Mechanical Performance of Circumferential Yielding Components and Their Adaptability in Steeply Inclined Rock Tunnelling

To address the frequent failure of initial support structures in steeply inclined rock strata, unconfined compression tests were conducted on steel tube components, vertical SRLD elements, and V-SRLD elements. Based on the test results, numerical simulation methods for steel tube components and vertical SRLD elements were established using a tri-linear elastic constitutive model combined with Euler′s buckling formula for compression members. Numerical simulations of a steeply inclined phyllite Tunnelling were then performed to evaluate the applicability of circumferential yielding support.
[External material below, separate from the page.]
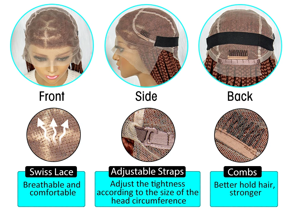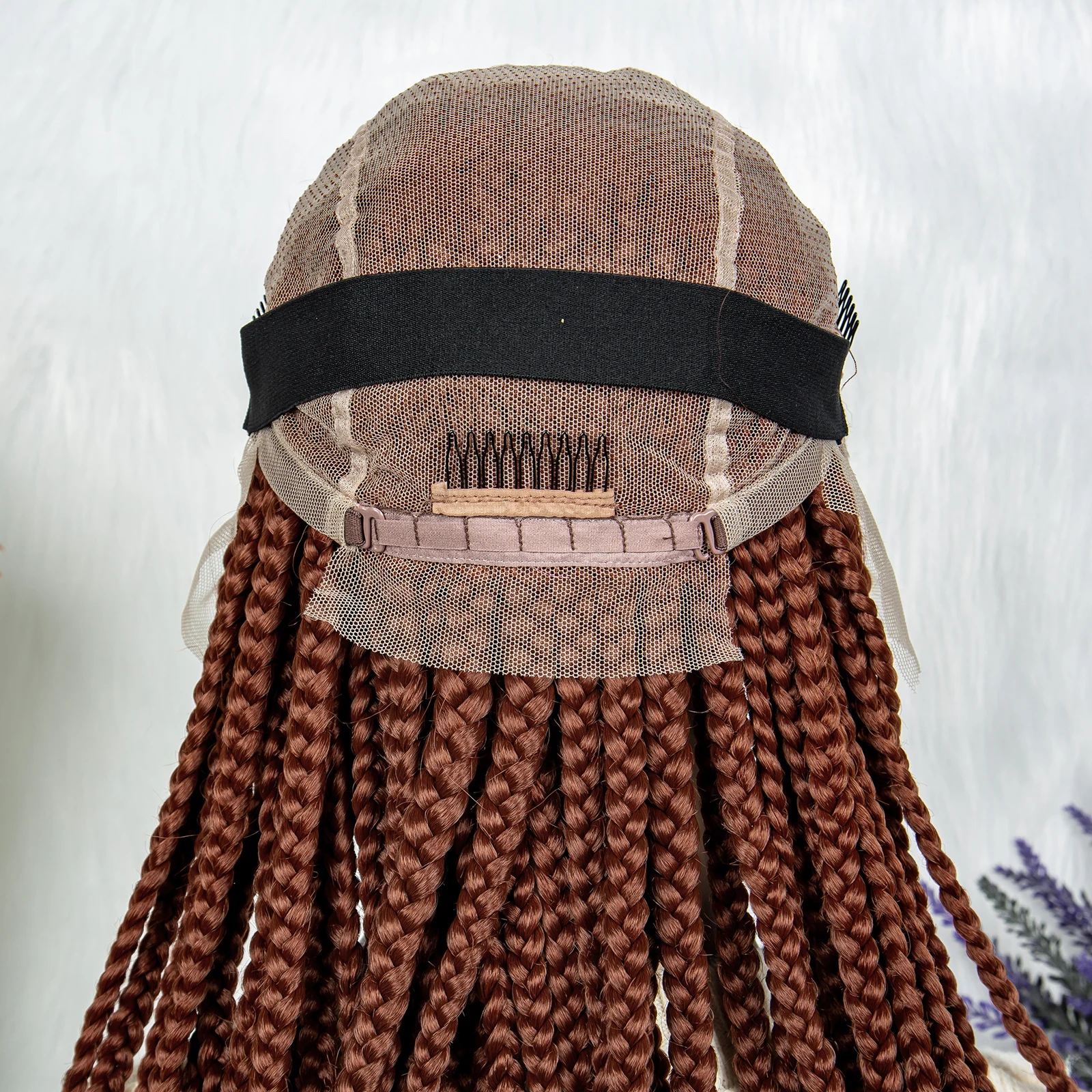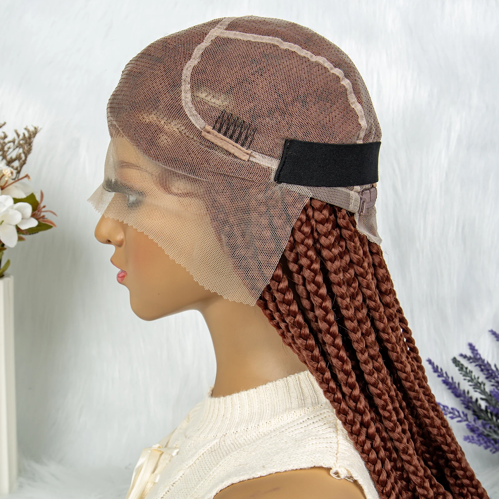 Synthetic Transparent HD Full Lace Braided Wigs With Beads Crochet Braid Braiding Hair Knotless Box Cornrow Braid Faux Locs Wigs

The results show that: (1) circumferential yielding support promotes stress relief and energy release of the surrounding rock, thereby reducing damage to the shotcrete layer; (2) under the bench excavation method, shotcrete damage at sidewalls caused by bending is difficult to prevent using yielding support, whereas under full-face excavation, shotcrete damage is effectively controlled when combined with circumferential yielding support; (3) when installed at the vault, vertical SRLD elements, owing to their higher initial stiffness, are more effective in resisting interlayer slip of steeply inclined phyllite; and (4) under circumferential yielding support, slip between the shotcrete layer and surrounding rock readily induces tensile yielding of rock bolts.